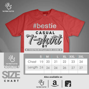 Upgrade your wardrobe with our #besties Cotton Bio Wash 180gsm T-shirt! Made from high-quality 100% cotton, this classic fit t-shirt is comfortable and durable. With a crew neckline and half sleeves, it's perfect for any occasion - casual or party. Proudly made in India, channel your inner trendsetter with our unique graphics. From THE PRINT PLATTER - for more stylish and quirky t-shirts!
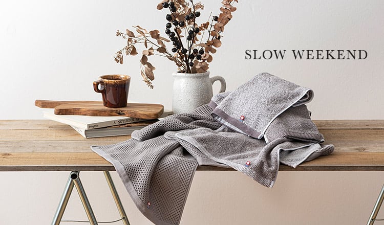 日々の暮らしを心地よくしてくれるタオルを提案。ゆったりと過ごす週末のように、シンプルだけど上質でリラックスできる素材感が魅力です。
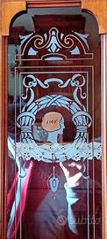 Divanetto stile Liberty primi '900 con 2 poltrone, vetri decorati molati e intarsi in madreperla, ottimamente conservato e restaurato pochi anni fa. Da ritirare in loco. Anche vendibile eventualmente in combinazione con tavolo, sedie e credenza per una sala completa.
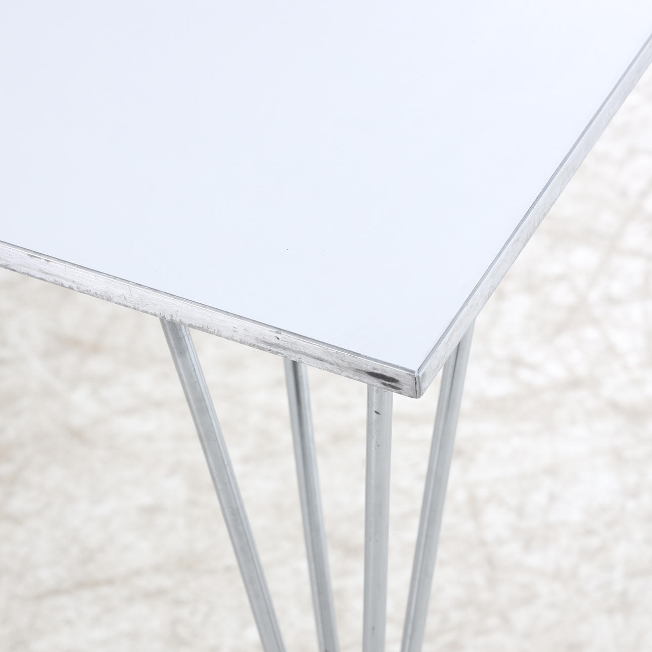 Encimera de laminado blanco con patas cromadas, rectangular, altura aproximada 71, 120x80 cm.

**Problem**
Give back word for word the lines from the one containing "Divanetto stile Liberty" through the final line of the data above. Pictures are to be left out.

**Task answer**
 Divanetto stile Liberty primi '900 con 2 poltrone, vetri decorati molati e intarsi in madreperla, ottimamente conservato e restaurato pochi anni fa. Da ritirare in loco. Anche vendibile eventualmente in combinazione con tavolo, sedie e credenza per una sala completa.
 Encimera de laminado blanco con patas cromadas, rectangular, altura aproximada 71, 120x80 cm.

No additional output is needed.